# [Provided entries]

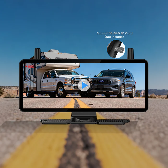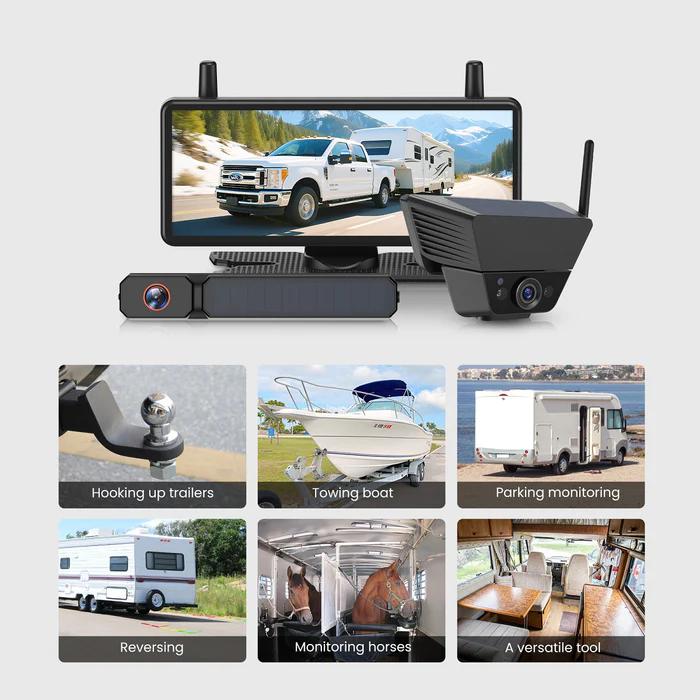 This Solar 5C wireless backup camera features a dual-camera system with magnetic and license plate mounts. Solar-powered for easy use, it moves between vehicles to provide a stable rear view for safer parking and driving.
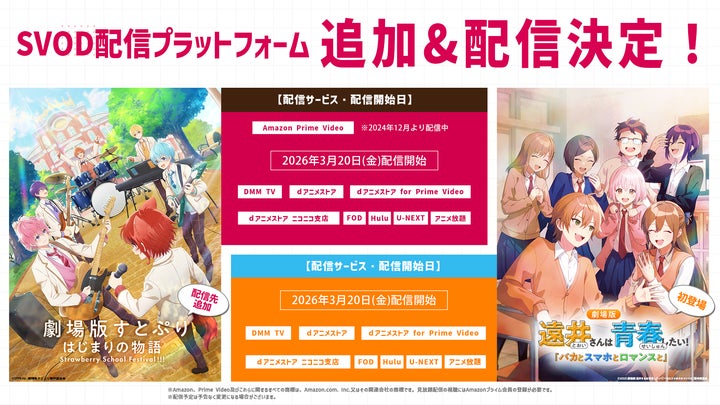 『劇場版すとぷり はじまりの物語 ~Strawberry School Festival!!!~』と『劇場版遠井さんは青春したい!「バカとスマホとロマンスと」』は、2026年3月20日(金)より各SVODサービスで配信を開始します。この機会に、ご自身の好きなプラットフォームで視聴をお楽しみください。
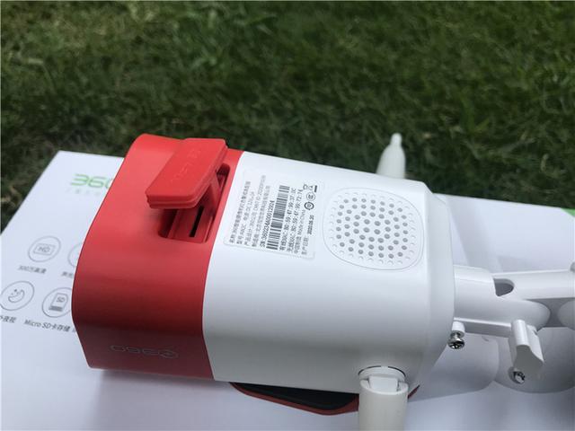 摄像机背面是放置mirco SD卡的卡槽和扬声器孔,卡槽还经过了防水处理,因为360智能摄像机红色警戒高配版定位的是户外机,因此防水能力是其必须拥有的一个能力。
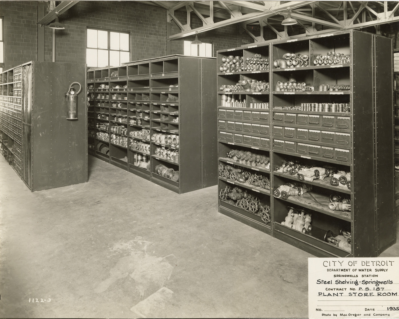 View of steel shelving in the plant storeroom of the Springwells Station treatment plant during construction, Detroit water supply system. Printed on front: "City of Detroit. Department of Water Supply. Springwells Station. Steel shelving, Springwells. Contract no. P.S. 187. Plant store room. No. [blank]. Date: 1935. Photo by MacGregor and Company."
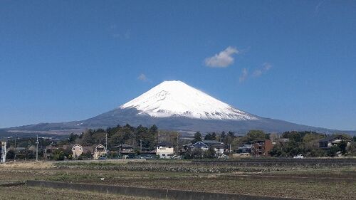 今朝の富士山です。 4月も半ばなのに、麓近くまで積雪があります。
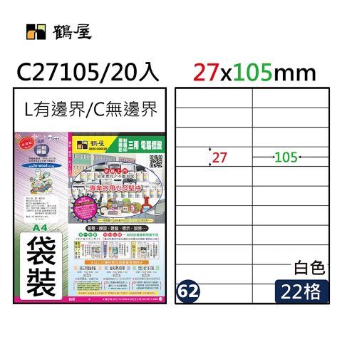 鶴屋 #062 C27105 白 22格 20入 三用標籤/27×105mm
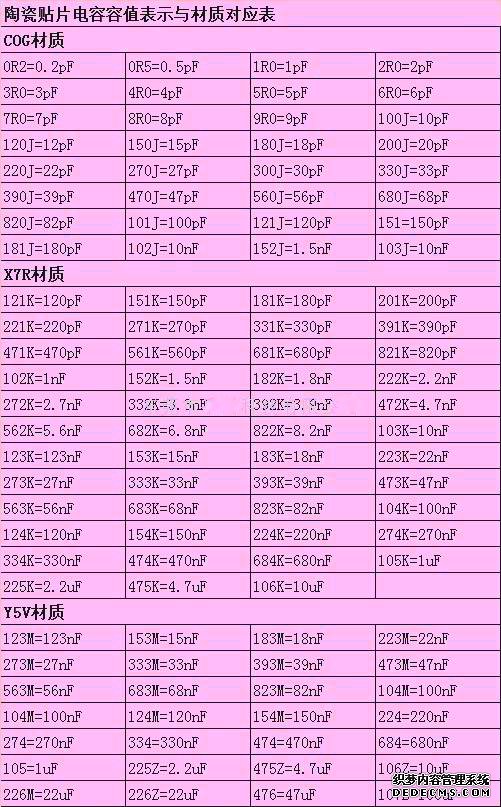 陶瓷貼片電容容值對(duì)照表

* * *

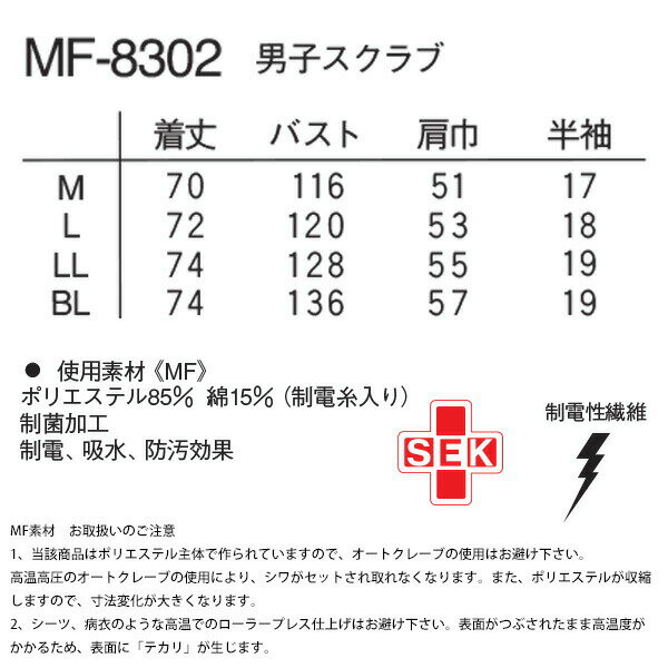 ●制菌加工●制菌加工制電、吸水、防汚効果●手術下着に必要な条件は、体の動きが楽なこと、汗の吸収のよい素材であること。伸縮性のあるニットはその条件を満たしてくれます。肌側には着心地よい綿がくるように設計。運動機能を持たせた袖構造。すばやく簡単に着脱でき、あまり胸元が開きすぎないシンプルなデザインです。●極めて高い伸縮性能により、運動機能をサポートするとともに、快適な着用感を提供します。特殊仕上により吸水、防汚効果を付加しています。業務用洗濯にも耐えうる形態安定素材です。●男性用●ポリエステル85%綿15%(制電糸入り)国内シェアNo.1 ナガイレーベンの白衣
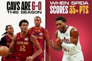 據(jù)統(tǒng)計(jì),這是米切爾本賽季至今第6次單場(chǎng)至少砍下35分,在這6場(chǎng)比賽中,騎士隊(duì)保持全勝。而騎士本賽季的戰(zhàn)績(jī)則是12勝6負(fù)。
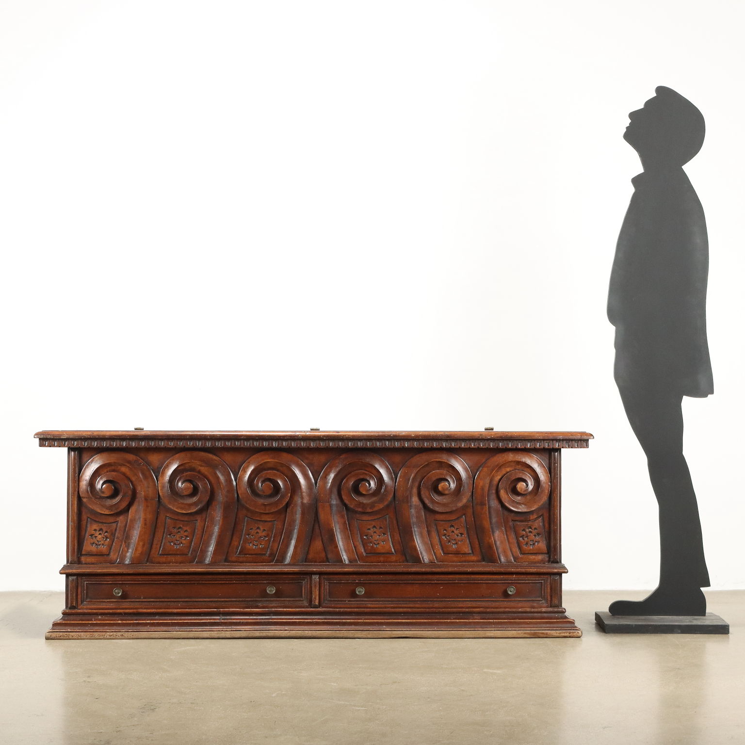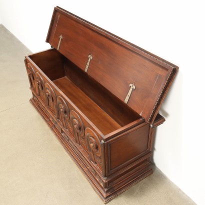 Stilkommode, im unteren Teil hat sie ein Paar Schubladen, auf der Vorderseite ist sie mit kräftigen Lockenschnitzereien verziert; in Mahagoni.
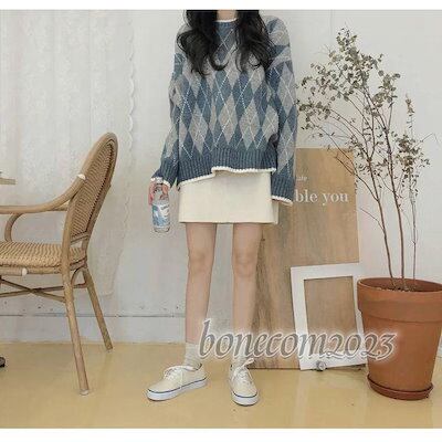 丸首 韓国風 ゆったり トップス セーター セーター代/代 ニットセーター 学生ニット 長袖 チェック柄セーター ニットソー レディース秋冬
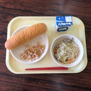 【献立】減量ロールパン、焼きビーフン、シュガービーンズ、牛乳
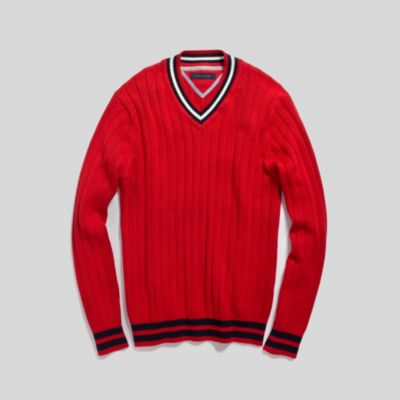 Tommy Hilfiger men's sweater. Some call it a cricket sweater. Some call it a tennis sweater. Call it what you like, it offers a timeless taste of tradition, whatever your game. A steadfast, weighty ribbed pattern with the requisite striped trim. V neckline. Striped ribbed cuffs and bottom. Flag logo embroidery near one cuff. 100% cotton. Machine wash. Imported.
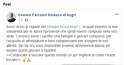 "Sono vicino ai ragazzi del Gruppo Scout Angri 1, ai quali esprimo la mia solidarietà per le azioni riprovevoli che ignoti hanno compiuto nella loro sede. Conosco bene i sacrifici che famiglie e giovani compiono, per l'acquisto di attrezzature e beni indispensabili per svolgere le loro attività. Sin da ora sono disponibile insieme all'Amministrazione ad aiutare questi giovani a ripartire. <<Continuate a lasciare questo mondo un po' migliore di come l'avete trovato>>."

==

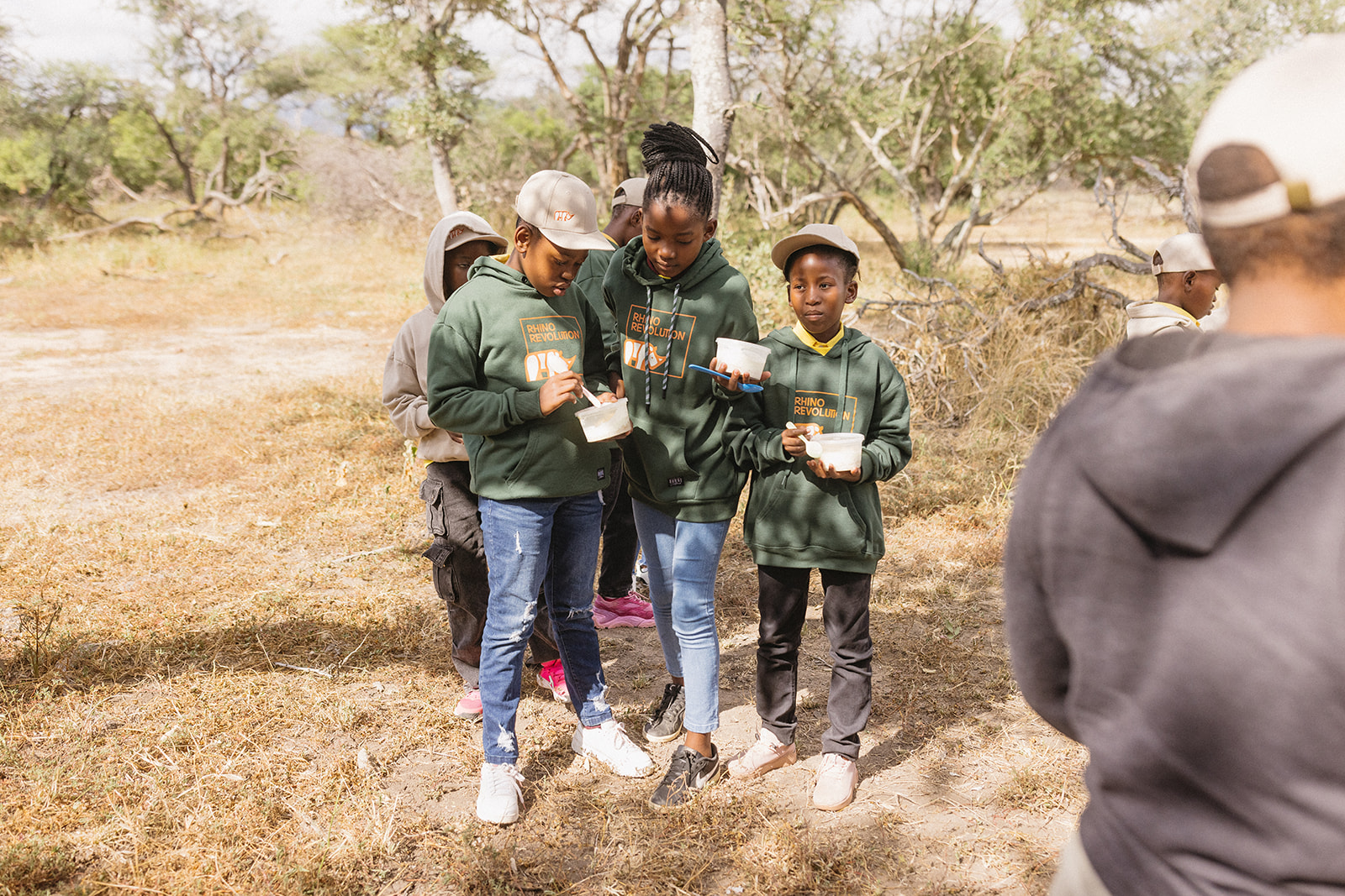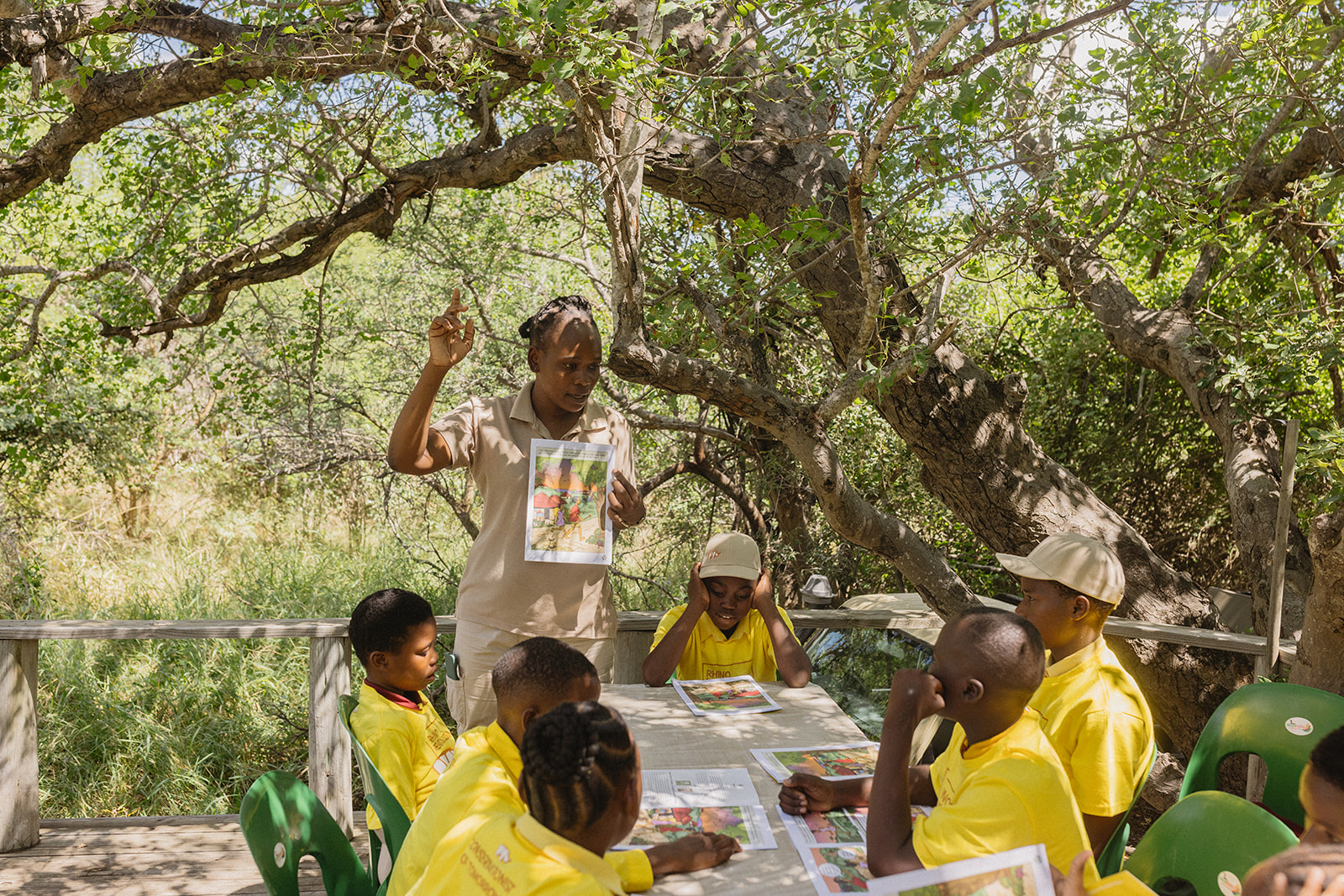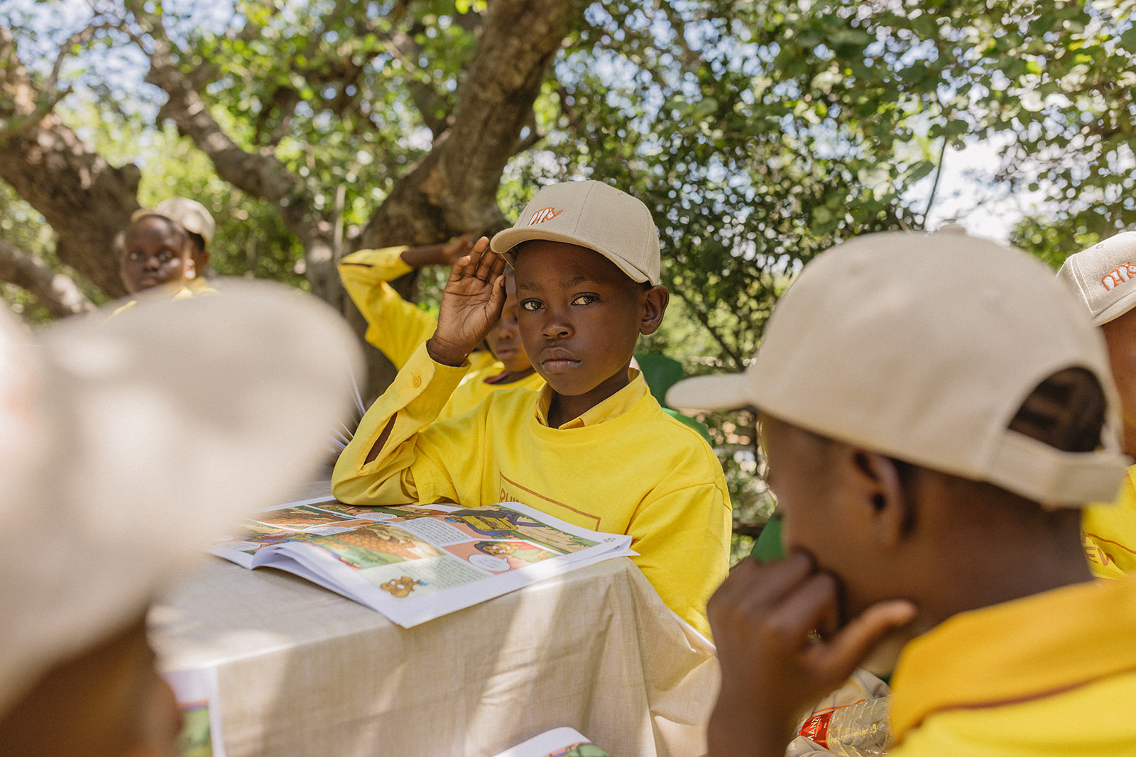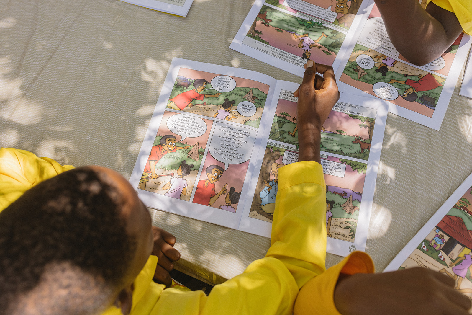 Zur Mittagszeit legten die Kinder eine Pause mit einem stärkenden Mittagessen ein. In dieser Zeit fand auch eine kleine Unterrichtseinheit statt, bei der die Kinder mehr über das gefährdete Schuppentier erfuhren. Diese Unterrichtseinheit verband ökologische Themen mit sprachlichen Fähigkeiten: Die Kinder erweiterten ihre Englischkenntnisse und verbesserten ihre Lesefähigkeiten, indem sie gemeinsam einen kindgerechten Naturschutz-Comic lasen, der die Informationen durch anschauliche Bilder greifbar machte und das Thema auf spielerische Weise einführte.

# [Exercise]
For this exercise, transcribe exactly the part of the records above that opens with the line containing "This Solar 5C" and closes with the one containing "陶瓷貼片電容容值對(duì)照表". Pictures are not part of the copy.

# [Response to this exercise]
 This Solar 5C wireless backup camera features a dual-camera system with magnetic and license plate mounts. Solar-powered for easy use, it moves between vehicles to provide a stable rear view for safer parking and driving.
 『劇場版すとぷり はじまりの物語 ~Strawberry School Festival!!!~』と『劇場版遠井さんは青春したい!「バカとスマホとロマンスと」』は、2026年3月20日(金)より各SVODサービスで配信を開始します。この機会に、ご自身の好きなプラットフォームで視聴をお楽しみください。
 摄像机背面是放置mirco SD卡的卡槽和扬声器孔,卡槽还经过了防水处理,因为360智能摄像机红色警戒高配版定位的是户外机,因此防水能力是其必须拥有的一个能力。
 View of steel shelving in the plant storeroom of the Springwells Station treatment plant during construction, Detroit water supply system. Printed on front: "City of Detroit. Department of Water Supply. Springwells Station. Steel shelving, Springwells. Contract no. P.S. 187. Plant store room. No. [blank]. Date: 1935. Photo by MacGregor and Company."
 今朝の富士山です。 4月も半ばなのに、麓近くまで積雪があります。
 鶴屋 #062 C27105 白 22格 20入 三用標籤/27×105mm
 陶瓷貼片電容容值對(duì)照表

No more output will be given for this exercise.